Это подействовало на Тёрлеса, как удар. Ему вспомнились слова Байнеберга, что при случае Райтинг обошелся бы с ним в точности так же, как с Базини. А если бы дело и впрямь дошло до интриги против него, как следовало бы ему действовать? В таких вещах он не мог тягаться с ними обоими, насколько далеко зашли бы они? Как с Базини?.. Все в нем восставало против этой язвительной мысли.
Несколько минут протекло между ним и Базини. Он знал, что ему недостает отваги и выдержки для таких козней, но только потому, что они слишком мало интересовали его, потому что он никогда не участвовал в них всей душой. Тут ему всегда приходилось больше проигрывать, чем выигрывать. Но случись однажды иначе, у него, чувствовал он, появилось бы и совсем другое упорство, совсем другая храбрость. Только следовало знать, когда надо все поставить на карту.
— Они говорили тебе подробнее?.. как это они представляют себе?.. насчет меня?
— Подробнее? Нет. Они говорили только, что уж позаботятся.
Однако… Опасность была налицо… она где-то затаилась… и поджидала Тёрлеса; каждый шаг мог завести в капкан, каждая ночь могла быть последней перед боями. Огромная ненадежность заключалась в этой мысли. Это было уже совсем не то, что спокойно отдаваться течению, совсем не то, что играть с загадочными видениями: это имело твердые углы и было ощутимой реальностью.
Разговор возобновился.
— А что они делают с тобой? Базини промолчал.
— Если ты всерьез хочешь исправиться, ты должен сказать мне все.
— Они заставляют меня раздеться.
— Да, да, это я видел же… а потом?..
Прошло несколько мгновений, и вдруг Базини сказал:
— Разное.
Он сказал это с женственной блудливой интонацией.
— Ты, значит, их… любов… ница?
— О нет, я их друг.
— Как ты смеешь это говорить!
— Они сами это говорят. — Что?..
— Да, Райтинг.
— Вот как, Райтинг?
— Да, он очень любезен со мной. Обычно я должен, раздевшись, читать ему что-нибудь из книг по истории; о Риме и римских императорах, о семействе Борджиа, о Тимурхане… ну, тебе уже ясно, все такое кровавое, с таким размахом. Тогда он бывает даже ласков со мной.
— А после он обычно бьет меня…
— После чего?!! Ах, вот как!
— Да.
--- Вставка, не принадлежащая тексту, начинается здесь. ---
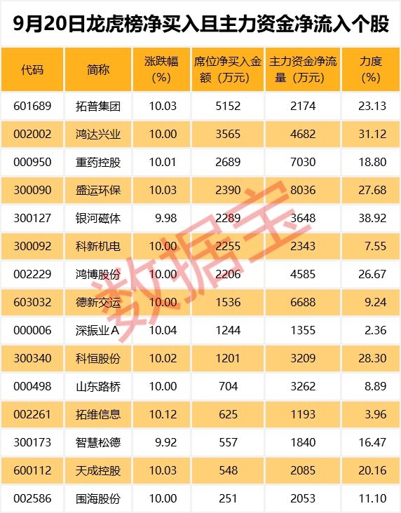 9月20日龙虎榜中机构及营业部席位资金净卖出3.88亿元,其中净买入的个股有16只;净卖出的个股有19只。净买入前三名个股分别是拓普集团、鸿达兴业、重药控股,净买入金额占当日成交额比例达54.83%、23.69%、7.19%。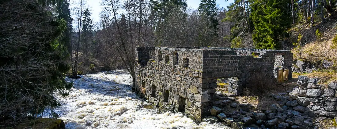 Jo muutaman askeleen jälkeen saavuimme kiviraunioille. Minusta ne näyttivät ihan linnan raunioilta, mutta infotaulu oli osannut kertoa, että tässä on ollut mylly. Voimakkaan kosken pauhuilla on aikoinaan pyöritetty myös muun muassa sahaa, ja onpa täällä viinaakin kuulemma valmistettu.

Он говорит, что если бы не бил меня, то непременно думал бы, что я мужчина, а тогда он и не смог бы быть со мной таким мягким и ласковым. А так, мол, я его вещь, и тут он не стесняется.
— А Байнеберг?
— О, Байнеберг ужасен. Ты не замечал, как отвратительно пахнет у него изо рта?
— Замолчи! Не твое дело, что я замечаю! Расскажи, чем Байнеберг занимается с тобой!
— Ну, тоже, как Райтинг, только… Но не ругайся опять…
— Говори.
— Только… другим, обходным путем. Он сперва читает мне длинные лекции о моей душе. Я ее замарал, но как бы лишь первое ее преддверие. По отношению к глубинному это нечто ничтожное и внешнее. Только это надо умертвить. Так уже многие превратились из грешников в святых. Грех поэтому в высшем смысле не так уж плох. Только его нужно довести совсем до крайности, чтобы он изжил себя. Байнеберг заставляет меня сидеть и глядеть на шлифованное стекло.
— Он гипнотизирует тебя?
— Нет, он говорит, что ему надо лишь усыпить и сделать бессильным все, что плавает на поверхности моей души. Только тогда он может войти в общение с самой душой.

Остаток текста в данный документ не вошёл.